■ Supplied material:
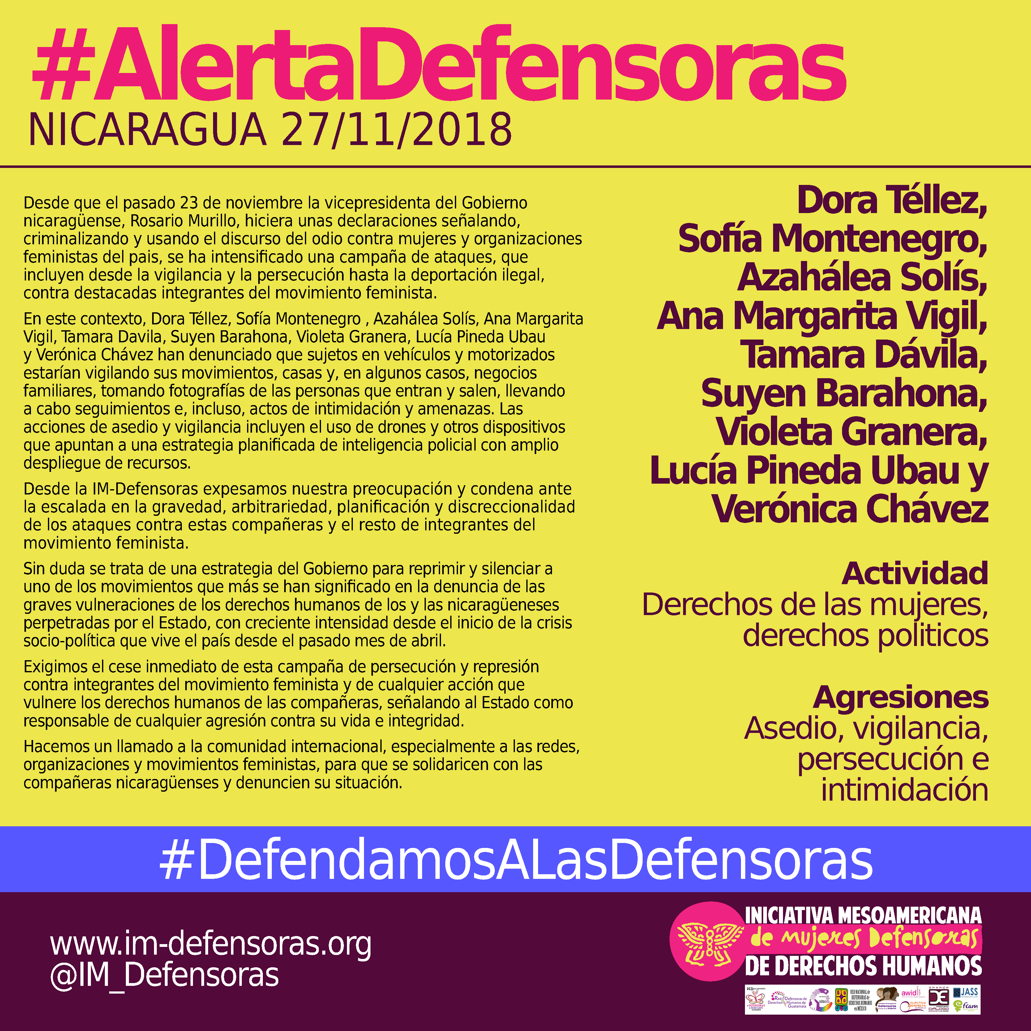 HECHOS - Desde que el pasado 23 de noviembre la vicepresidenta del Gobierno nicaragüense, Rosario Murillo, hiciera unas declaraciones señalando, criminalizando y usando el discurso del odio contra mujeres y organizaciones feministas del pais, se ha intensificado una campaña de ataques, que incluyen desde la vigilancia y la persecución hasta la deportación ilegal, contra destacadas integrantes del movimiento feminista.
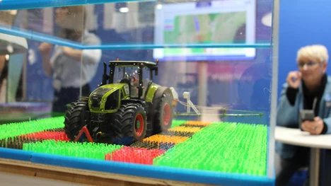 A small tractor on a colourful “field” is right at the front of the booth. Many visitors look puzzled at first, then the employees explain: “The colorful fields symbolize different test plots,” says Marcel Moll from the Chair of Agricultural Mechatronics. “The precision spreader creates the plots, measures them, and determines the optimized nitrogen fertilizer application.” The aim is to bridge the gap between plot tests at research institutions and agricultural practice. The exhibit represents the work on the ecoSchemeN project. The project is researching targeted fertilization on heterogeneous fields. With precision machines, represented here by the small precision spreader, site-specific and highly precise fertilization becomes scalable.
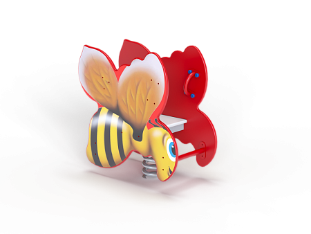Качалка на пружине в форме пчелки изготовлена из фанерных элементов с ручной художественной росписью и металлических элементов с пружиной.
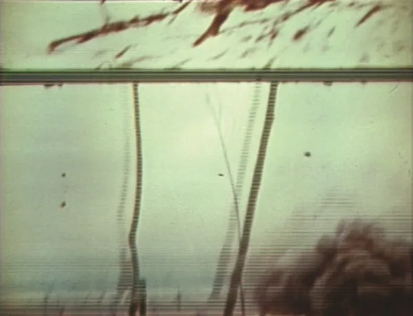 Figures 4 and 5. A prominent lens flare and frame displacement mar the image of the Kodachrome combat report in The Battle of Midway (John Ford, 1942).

■ Task details: Retype all the data exactly; skip the pictures.

■ Exercise output:
 HECHOS - Desde que el pasado 23 de noviembre la vicepresidenta del Gobierno nicaragüense, Rosario Murillo, hiciera unas declaraciones señalando, criminalizando y usando el discurso del odio contra mujeres y organizaciones feministas del pais, se ha intensificado una campaña de ataques, que incluyen desde la vigilancia y la persecución hasta la deportación ilegal, contra destacadas integrantes del movimiento feminista.
 A small tractor on a colourful “field” is right at the front of the booth. Many visitors look puzzled at first, then the employees explain: “The colorful fields symbolize different test plots,” says Marcel Moll from the Chair of Agricultural Mechatronics. “The precision spreader creates the plots, measures them, and determines the optimized nitrogen fertilizer application.” The aim is to bridge the gap between plot tests at research institutions and agricultural practice. The exhibit represents the work on the ecoSchemeN project. The project is researching targeted fertilization on heterogeneous fields. With precision machines, represented here by the small precision spreader, site-specific and highly precise fertilization becomes scalable.
Качалка на пружине в форме пчелки изготовлена из фанерных элементов с ручной художественной росписью и металлических элементов с пружиной.
 Figures 4 and 5. A prominent lens flare and frame displacement mar the image of the Kodachrome combat report in The Battle of Midway (John Ford, 1942).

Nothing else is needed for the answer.